New ice cores retrieved from the Taylor Glacier (Antarctica) blue ice area contain ice and air spanning the Marine Isotope Stage (MIS) 5/4 transition, a period of global cooling and ice sheet expansion. Chronologies were determined for the ice and air bubbles in the new ice cores by visually matching variations in gas and ice phase tracers to preexisting ice core records. The chronologies reveal an ice age gas age difference (Δage) approaching 10 ka during MIS 4, implying very low snow accumulation in the Taylor Glacier accumulation zone. A revised chronology for the analogous section of the Taylor Dome ice core (84 to 55 ka), located to the south of the Taylor Glacier accumulation zone, shows that Δage did not exceed 3 ka. The difference in Δ age between the two records during MIS 4 is similar magnitude but opposite direction of what is observed at the last glacial maximum. This relationship implies that a spatial gradient in snow accumulation existed across the Taylor Dome region during MIS 4 that was oriented in the opposite direction of the accumulation gradient during the last glacial maximum.
An enduring problem in paleoclimatology is to mechanistically explain the full 80 ppm change in atmospheric CO₂ concentration that accompanied glacial-interglacial climate cycles in the past. A record of the stable isotopic composition of atmospheric CO₂ (δ¹³ C-CO₂) was developed that spans the interval 74- 59.5 ka, including the period of global cooling and ice sheet growth known as the marine isotope stage (MIS) 5/4 transition. The interval contains small (~ 10 ppm) variability in CO₂ concentration associated with Dangaard-Oeschger (DO) event 19, the 40 ppm drop in CO₂ across the MIS 5/4 transition, and the 35 ppm rise in CO₂ associated with the MIS 4/3 transition. The δ¹³ C-CO₂ record reveals large and fast changes at specific time intervals, implying that different carbon cycle mechanisms controlled the atmospheric CO₂ concentration at distinct times. The isotope data are generally consistent with proxy data in suggesting that the marine carbon cycle evolved toward more efficient nutrient utilization and carbon storage in the deep ocean during MIS 4. Model experiments suggest that the biological pump may not be the only mechanism responsible for lowering atmospheric CO₂, possibly implicating changes in Southern Ocean air-sea gas exchange and/or the extent of Antarctic sea ice. Large depletions in δ¹³ C-CO₂ observed in the new data, including an enigmatic decrease in δ¹³ C-CCO₂ of - 0.8 ‰ at the MIS 4/3 transition, may highlight times when carbon was transferred from the terrestrial biosphere to the atmospheric and oceanic reservoirs.

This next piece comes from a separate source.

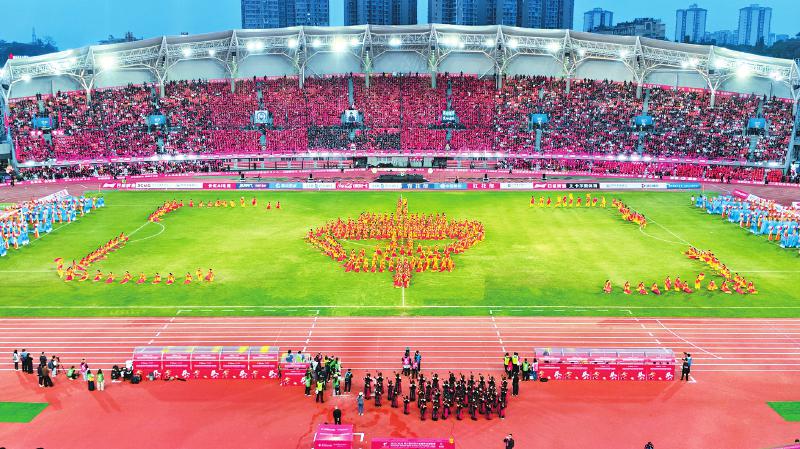 伴随激昂的音乐,学生们身着火红服装迅速就位。他们手持道具,在光影交错间变幻出层层叠叠的灯阵造型,动作整齐划一、刚柔并济,表情自

Glacial-interglacial cycles in N₂O concentration have received far less scientific attention than CO₂, but they signify a strong coupling between climate and natural N₂O emissions that is presently poorly understood. High-resolution records of the stable isotopic composition of N₂O (δ¹⁵ N-N₂O and δ¹⁸ O-N₂O) were developed from a new Taylor Glacier ice core spanning the interval 74-59.5 ka. The interval includes a 40 ppb rise in N₂O concentration associated with DO 19, a 60 ppb decrease across the MIS 5/4 transition, and a 50 ppb increase at the onset of the MIS 4/3 transition. The new isotope data reveal large changes (1.65 ‰ for δ¹⁵ N-N₂O and 3.4 ‰ for δ¹⁸ O-N₂O) associated with the N₂O concentration variations that occurred at DO 19. The isotopic composition of N₂O also changed significantly across the MIS 4/3 transition (1.4 ‰ for δ¹⁵ N-N₂O and 2.3 ‰ for δ¹⁸ O-N₂O). The new data were used to reconstruct marine versus terrestrial N₂O emissions histories. Both terrestrial and marine sources were approximately equally responsible for controlling atmospheric N₂O through most of the onset of the last glacial period, and marine emissions dominated the rapid N₂O increase observed at the MIS 4/3 transition. The relative dominance of marine versus terrestrial N₂O sources provides insight into (and fuels speculation about) how global climate changes impacted nitrogen cycling in the past.
Menking, J.A., 2019. Stable isotope constraints on carbon dioxide and nitrous oxide variations at the onset of the last glacial period: New ice cores from Taylor Glacier, Antarctica, CEOAS. Oregon State University.